If you have managed to have or find the time to identify how much time your body needs for peak function, please share.  As I've shared earlier in another post, we are all different.  I think mine is the 7-hour mark.

Let's discuss how different I am compared to all these studies discussing sleep hygiene.  When I was 21 working two jobs (see how lazy I am), running on 4 hours of sleep a night between the two jobs, living on my own trying to make a life for myself, and eating nothing but a Fast Food meal once daily, I was the thinnest I have ever been in my life at 129 pounds and 5'7-3/4". Go figure. Now I'm in my early 40s, spent the last 12 years having babies and working around their needs, got about the same amount of sleep each night, 4 hours nightly, and ate a homemade meal once daily, and I gained 5 pounds per year.  Funny, isn't it?  While I like to joke and say I'm going back to the old days of Fast Food once daily, I know the difference is mainly in that my second job then was as a running sports bar waitress, and while I run after kids all day, my main and only job today is stuck at a desk chained to a computer.  Back then the 4 hours of sleep seemed to be just fine for me.  Over the last few months I decided to make sleep a priority and I'm losing weight and feeling great on 7 hours a night, all while eating 5 to 6 times a day.

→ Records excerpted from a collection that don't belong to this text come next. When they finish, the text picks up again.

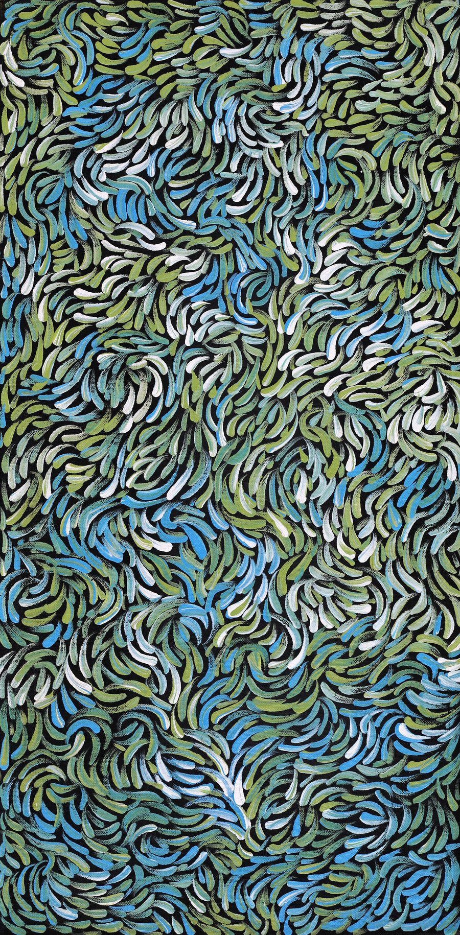 This ‘purrpalanji Jukurrpa’ (skinny bush banana Dreaming) comes from Pikilyi (Vaughan Springs), a large waterhole and natural spring to the west of Yuendumu, close to Mount Doreen. Napangardi/Napanangka women and Japangardi/Japanangka men are the ‘kirda’ (owners) of the skinny bush banana Dreaming at Pikilyi. Nangala women and Jangala men are the ‘kurdungurlu’ (custodians) of this Dreaming.
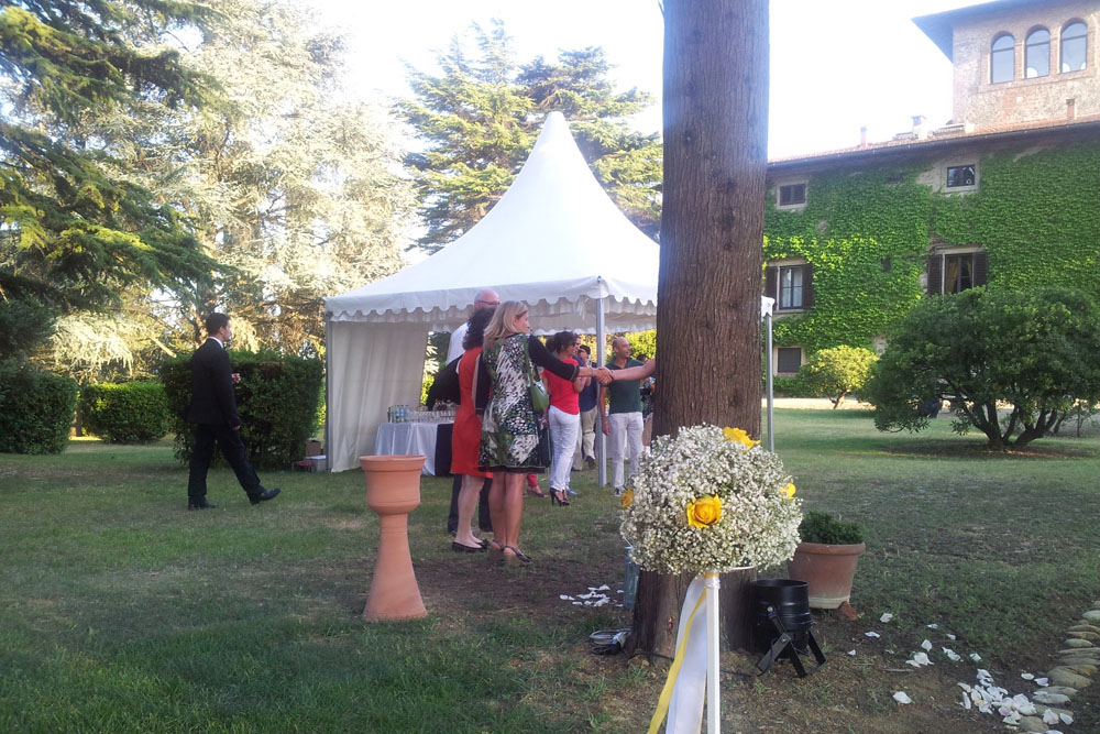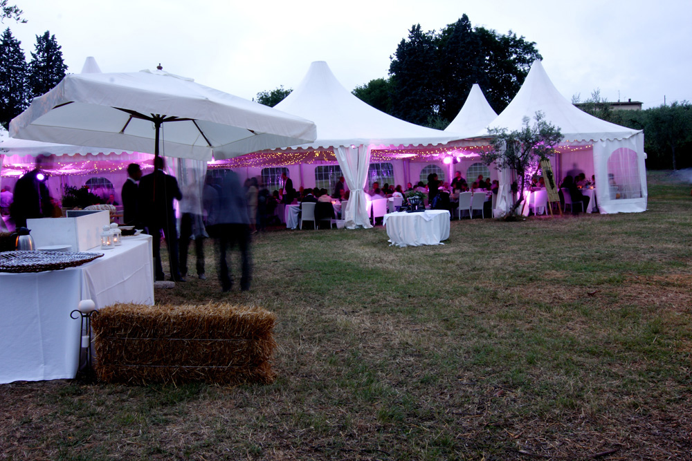 L'allestimento può essere completato con drappeggi in tessuto colore ecru capaci di creare un'atmosfera romantica.
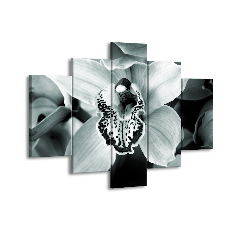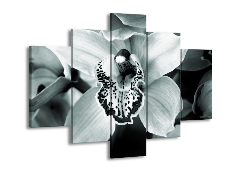 Canvas Schilderij Bloem | Grijs, Groen | 150x105cm 5Luik
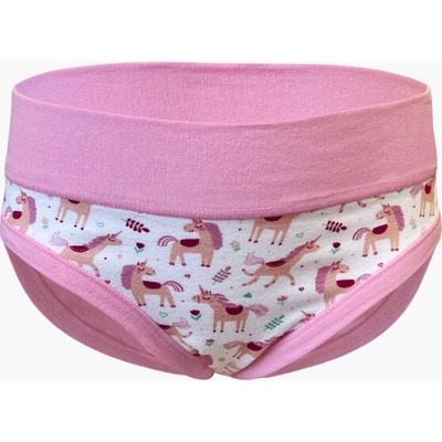 Dětské bavlněné kalhotky Amelia. Dětské kalhotky klasického střihu jsou pohodlné a slušivé, zdobí je obrázek jednorožce. Obzvláště oceníte materiálové složení - 95% bavlna a 5%...
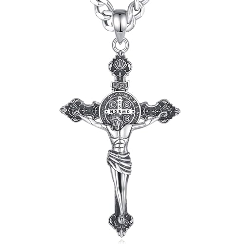 CELESTIA Saint Benedict Cross Hänge Crucifix Halsband för Kvinnor Herr Halsband 925 Sterling Silver Dubbelsidigt Jesus Kors Halsband Kristna Katolska Gåvor
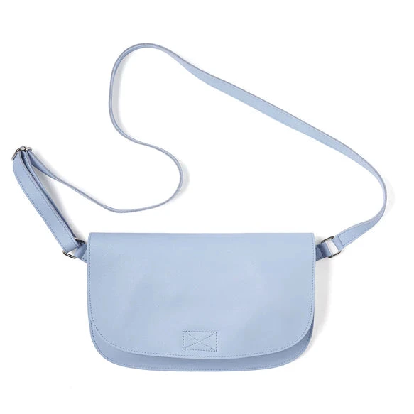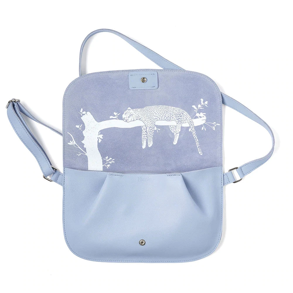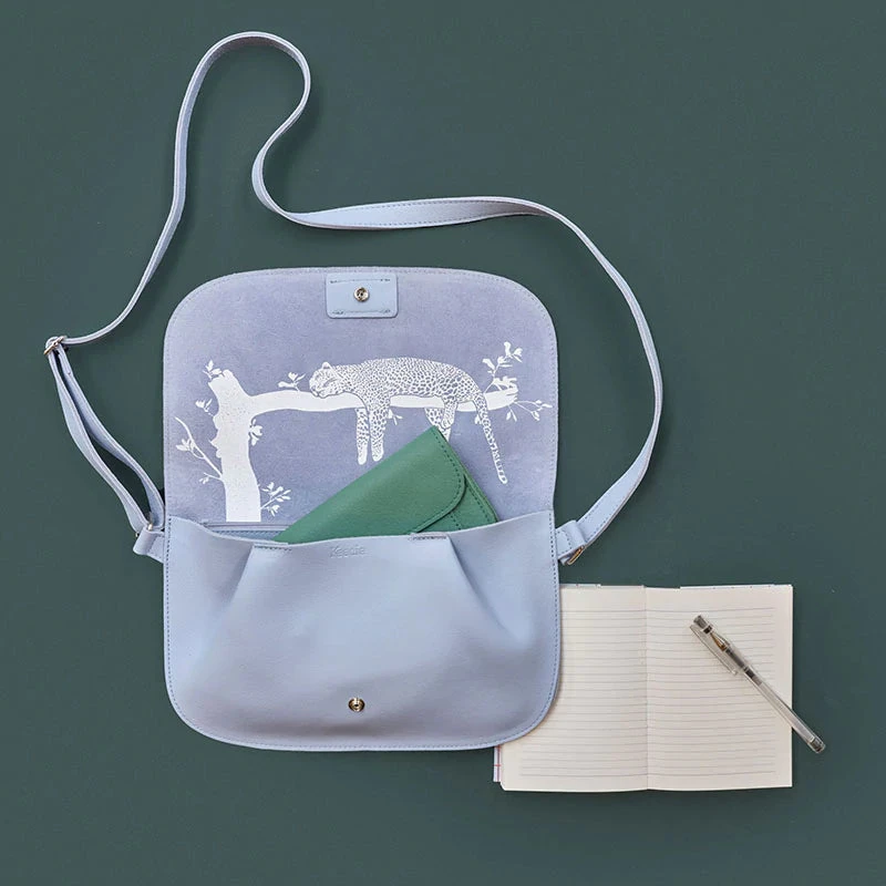 Die minimalistische zart lilafarbene Ledertasche mit verstellbarem Riemen lässt sich auf verschiedene Arten tragen: ob als Schultertasche oder Cross Body Bag, sie macht immer eine gute Figur. In ihrem Inneren überrascht sie mit dem faulen Leoparden, der es sich auf einem Ast gemütlich gemacht hat.

While I much preferred how much I could get accomplished once my kids and husband were asleep, even if I had chosen a moment or many of silence in lieu of an accomplishment, I had to get real honest with myself and snap out of the denial I didn't even know I was in.  My denial was in refusing to recognize how much I was harming my health by pushing myself so hard continually, for feeling guilty about not accomplishing something on my mental to-do list.  It is what it is.  Our bodies are machines and all machines burn up and out eventually, some faster than others.  I'm choosing to care for mine a little more than I ever have the first half (hopefully this is half) of my life.  You should do the same. 

If I am an overachiever so willing to forfeit a full-night's sleep, am I really a sluggish or lazy person as society labels me? I don't think so. I'm willing to bet money that I was running circles of accomplishments around all the skinny working moms out there. ;)

What's your take on the sleep issue?